We have 4 agents with RabbitMQ sources, and we are seeing heartbeat lost
errors in Flume logs occasionally when there is a load on the RMQ queues.
Now, we think this is probably because RMQ is under load and not responding
to Flume fast enough; however, is there any way we can handle this from
Flume end, by increasing the heartbeat timeout setting?
This happens only when there is a load in RMQ, and RMQ seems to stabilize
after some time; if we kill the Flume agent and restart, it works fine and
consumes the messages.
Any inputs on handling such scenario? Also, the Flume agent continues to
run despite this error, but doesn't consume any more messages. Is there a
way to have Flume abort when this happens?
Thank you for any help with this. The error from the logs is as below.
Suresh.
Exception in thread "RabbitMQ Consumer #0"

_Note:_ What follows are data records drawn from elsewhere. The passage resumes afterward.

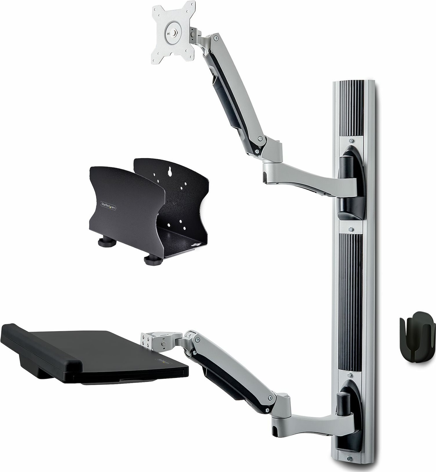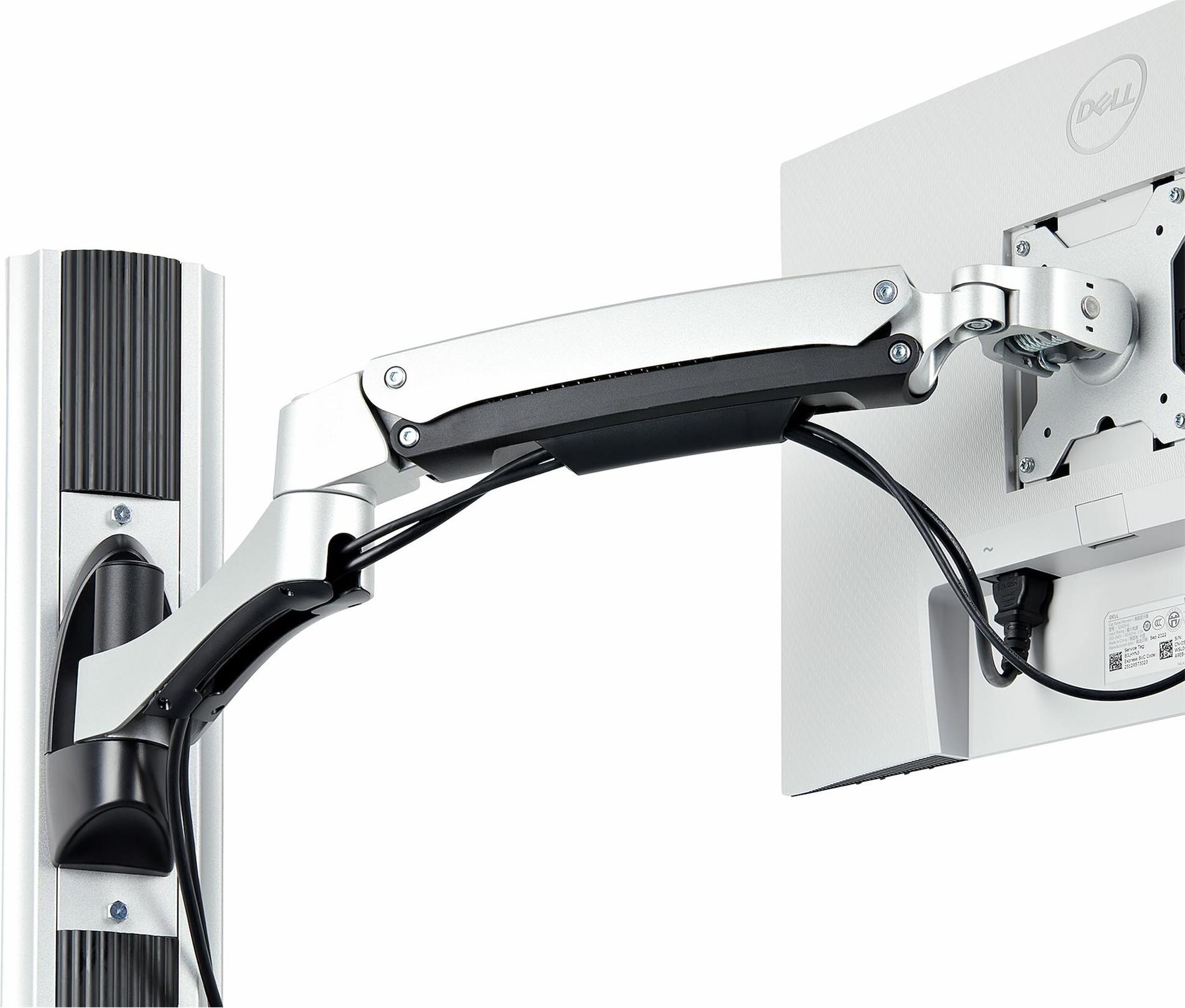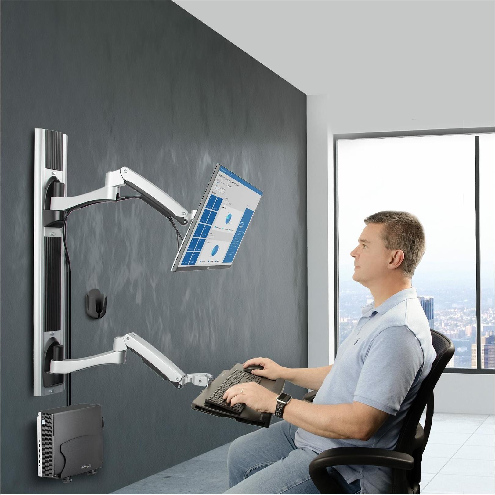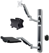 Mechanische Federn in den Monitor- und Tastaturarmen ermöglichen eine unabhängige, werkzeuglose Höhenverstellung um bis zu 31,5 cm per Knopfdruck. Für weitere Höheneinstellungen können die Arme entlang der Wandschiene (88 cm) verschoben werden.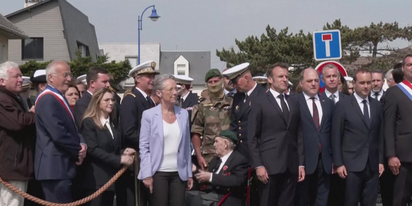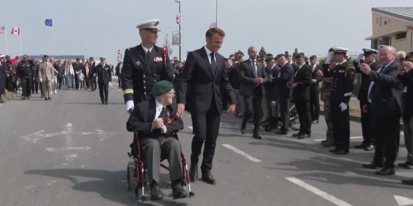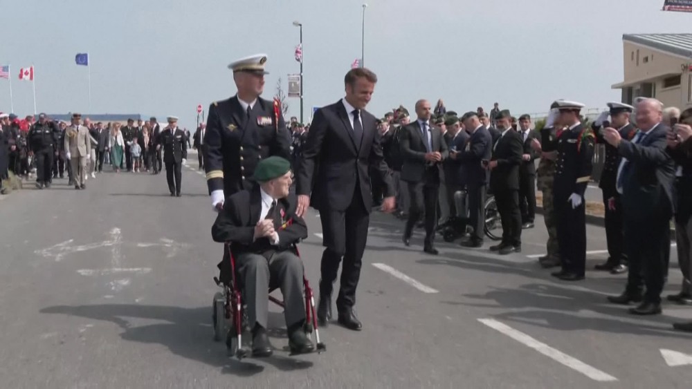 French President Emmanuel Macron pays tribute to the 177 Frenchmen who landed in Normandy on 6 June 1944 alongside the Allies.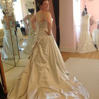 I went dress shopping with my mother and two bridesmaids yesterday and bought a dress. It's completely the opposite of what I thought it would be...satin, a-line, train...I thought I wanted lace,...
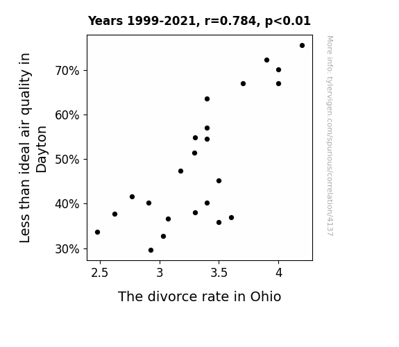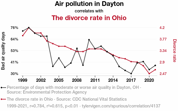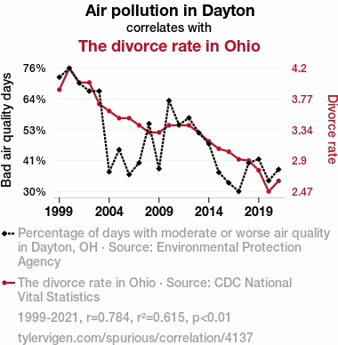 - The spurious research paper: When the Air Clears: Uncovering the Relationship Between Air Pollution in Dayton and the Divorce Rate in Ohio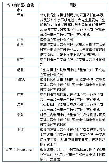 3月17日,云南省發(fā)改委印發(fā)《關(guān)于深化燃煤發(fā)電上網(wǎng)電價(jià)形成機(jī)制改革的實(shí)施方案》,上述方案提出“針對(duì)我省燃煤機(jī)組利用小時(shí)嚴(yán)重偏低的實(shí)際,以及我省來水不確定性對(duì)火電企業(yè)發(fā)電產(chǎn)生的影響,由省發(fā)展和改革委會(huì)同省能源局在2020年底前,研究建立容量補(bǔ)償機(jī)制,容量電價(jià)和電量電價(jià)通過市場(chǎng)化方式形成?!?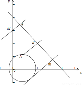 由图象可知当动点N移动到直线为m是会使得AB最大,此时m与圆相切,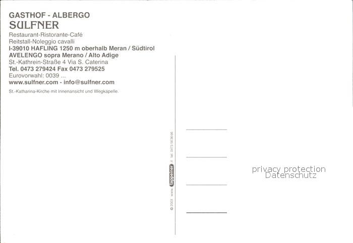 Hafling Gasthaus Albergo Sulfner postalisch nicht gelaufen Erhaltung siehe scans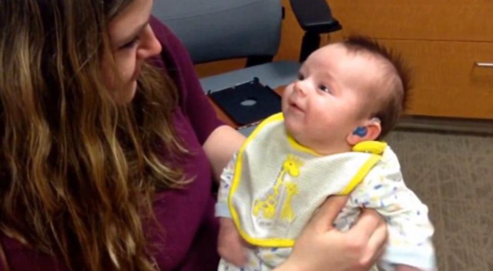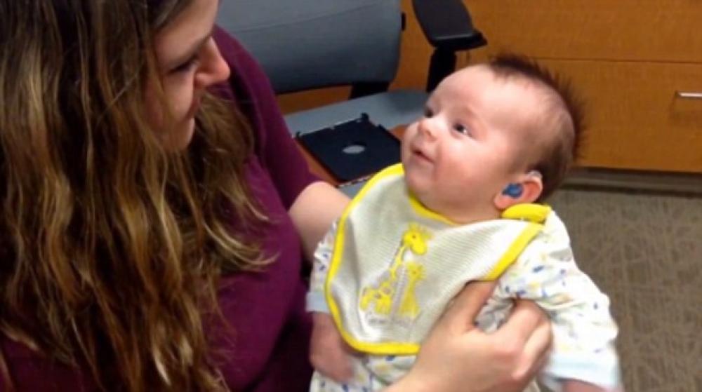 حظي مقطع نشر على موقع يوتيوب الشهير بإعجاب أكثر من مليون مشاهد بعد سماع رضيع لصوت والدته للمرة الأولى من خلال سماعتي أذن.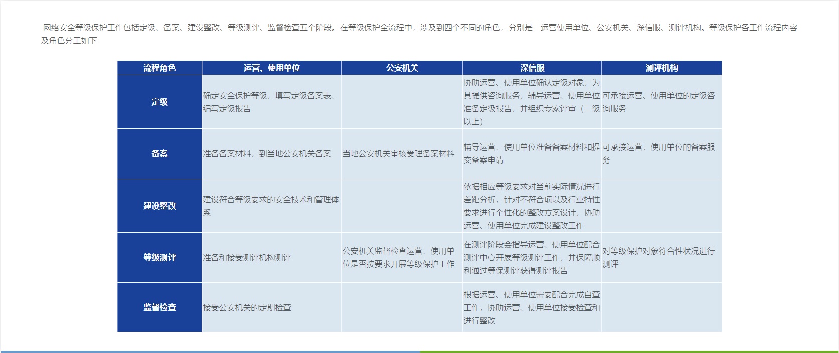 网络安全等级保护是国家网络安全保障的基本制度、基本策略、基本方法。开展网络安全等级保护工作是保护信息化发展、维护网络安全的根本保障,是网络安全保障工作中国家意志的体现。网络安全等级保护工作包括定级、备案、建设整改、等级测评、监督检查五个阶段。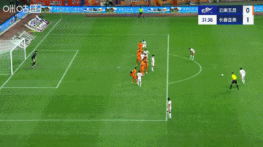 比赛第32分钟,亚泰队获得任意球,张华晨主罚射门直挂球门死角,皮球弹框入网,长春亚泰开局1-0领先!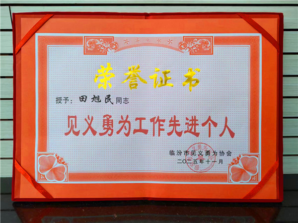 2025年1月14日,侯马市山西军威防护科技股份有限公司货车司机田旭民在高速路上发现一名五六岁男孩在车道中间奔跑,情况十分危急。他沉着果断停车救下孩子,并安全移交警方,最终孩子平安回到父母身边。当家长通过微信转来500元感谢费时,田旭民婉言谢绝,体现了见义勇为者的高尚品格。

com.rabbitmq.client.ShutdownSignalException: connection error
at
com.rabbitmq.client.QueueingConsumer.handle(QueueingConsumer.java:198)
at
com.rabbitmq.client.QueueingConsumer.nextDelivery(QueueingConsumer.java:215)
at com.aweber.flume.source.rabbitmq.Consumer.run(Consumer.java:164)
at java.lang.Thread.run(Thread.java:745)
Caused by: com.rabbitmq.client.MissedHeartbeatException: Heartbeat missing
with heartbeat = 60 seconds
at
com.rabbitmq.client.impl.AMQConnection.handleSocketTimeout(AMQConnection.java:597)
at
com.rabbitmq.client.impl.AMQConnection.access$600(AMQConnection.java:65)
at
com.rabbitmq.client.impl.AMQConnection$MainLoop.run(AMQConnection.java:560)
... 1 more